Study material:
'''
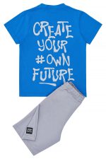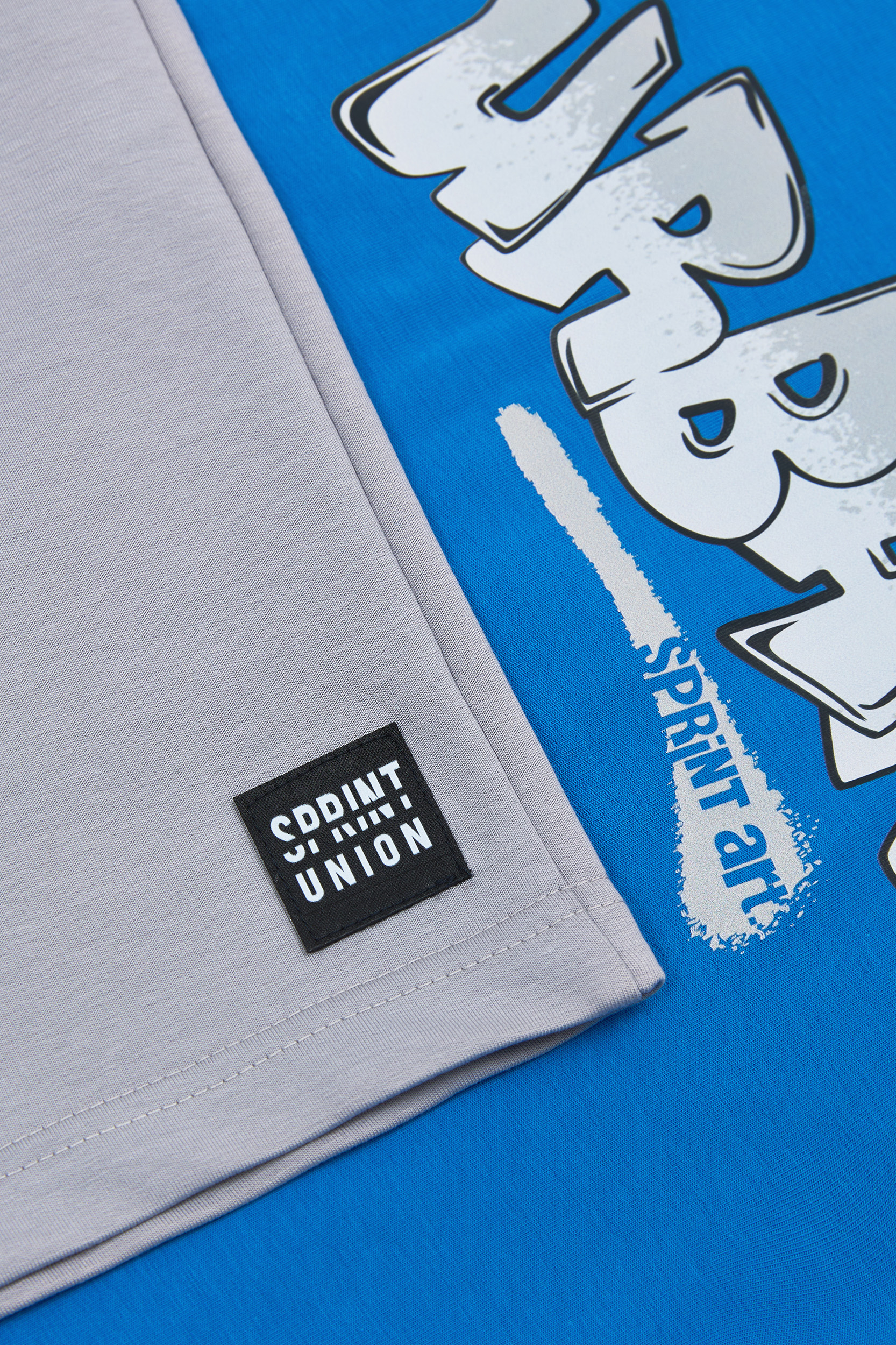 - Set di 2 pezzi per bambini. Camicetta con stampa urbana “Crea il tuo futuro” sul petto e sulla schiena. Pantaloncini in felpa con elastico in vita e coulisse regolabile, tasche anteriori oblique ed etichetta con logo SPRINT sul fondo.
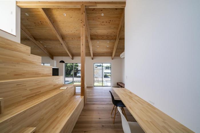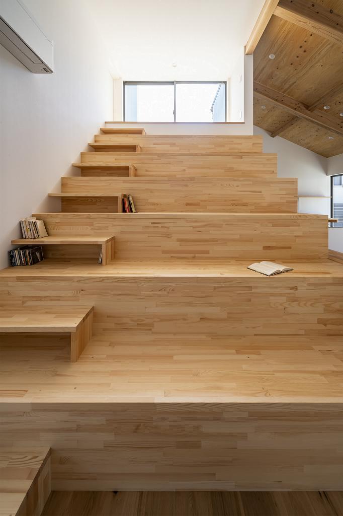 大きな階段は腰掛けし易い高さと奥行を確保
'''
'''
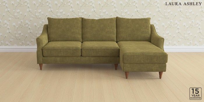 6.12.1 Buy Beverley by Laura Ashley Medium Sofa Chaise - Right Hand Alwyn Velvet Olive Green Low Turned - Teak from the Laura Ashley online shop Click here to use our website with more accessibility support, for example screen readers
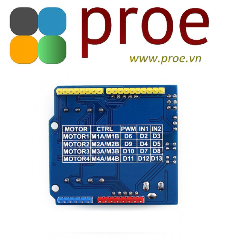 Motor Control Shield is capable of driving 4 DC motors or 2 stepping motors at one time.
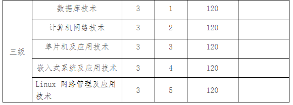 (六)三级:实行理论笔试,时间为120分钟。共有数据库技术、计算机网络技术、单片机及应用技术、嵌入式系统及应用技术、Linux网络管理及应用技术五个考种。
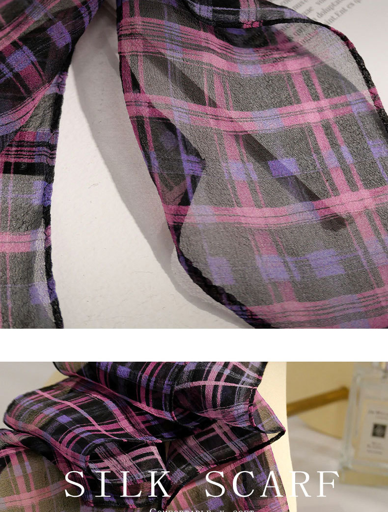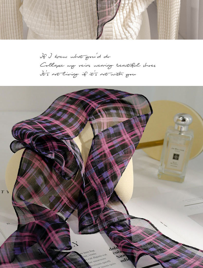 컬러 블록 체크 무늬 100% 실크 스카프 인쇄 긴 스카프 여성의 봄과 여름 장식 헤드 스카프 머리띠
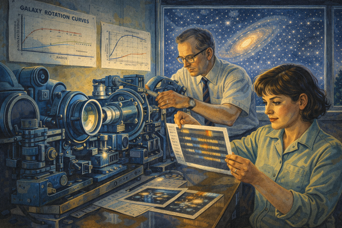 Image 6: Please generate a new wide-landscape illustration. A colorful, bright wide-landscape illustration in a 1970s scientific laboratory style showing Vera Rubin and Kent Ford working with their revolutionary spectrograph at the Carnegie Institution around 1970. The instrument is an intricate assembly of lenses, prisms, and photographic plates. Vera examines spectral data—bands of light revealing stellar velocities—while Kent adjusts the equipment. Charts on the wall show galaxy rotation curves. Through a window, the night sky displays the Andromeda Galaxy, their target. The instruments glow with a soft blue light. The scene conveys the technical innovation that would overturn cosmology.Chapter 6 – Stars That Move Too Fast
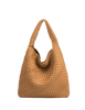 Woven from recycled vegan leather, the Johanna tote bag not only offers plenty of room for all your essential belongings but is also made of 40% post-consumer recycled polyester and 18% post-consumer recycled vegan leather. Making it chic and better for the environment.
'''
Work item: Given the listing above, repeat exactly the lines starting at the one with "- Set di 2 pezzi" and ending at the one with "大きな階段は腰掛けし易い高さと奥行を確保", inclusive, excluding pictures.

Exercise solution:
 - Set di 2 pezzi per bambini. Camicetta con stampa urbana “Crea il tuo futuro” sul petto e sulla schiena. Pantaloncini in felpa con elastico in vita e coulisse regolabile, tasche anteriori oblique ed etichetta con logo SPRINT sul fondo.
 大きな階段は腰掛けし易い高さと奥行を確保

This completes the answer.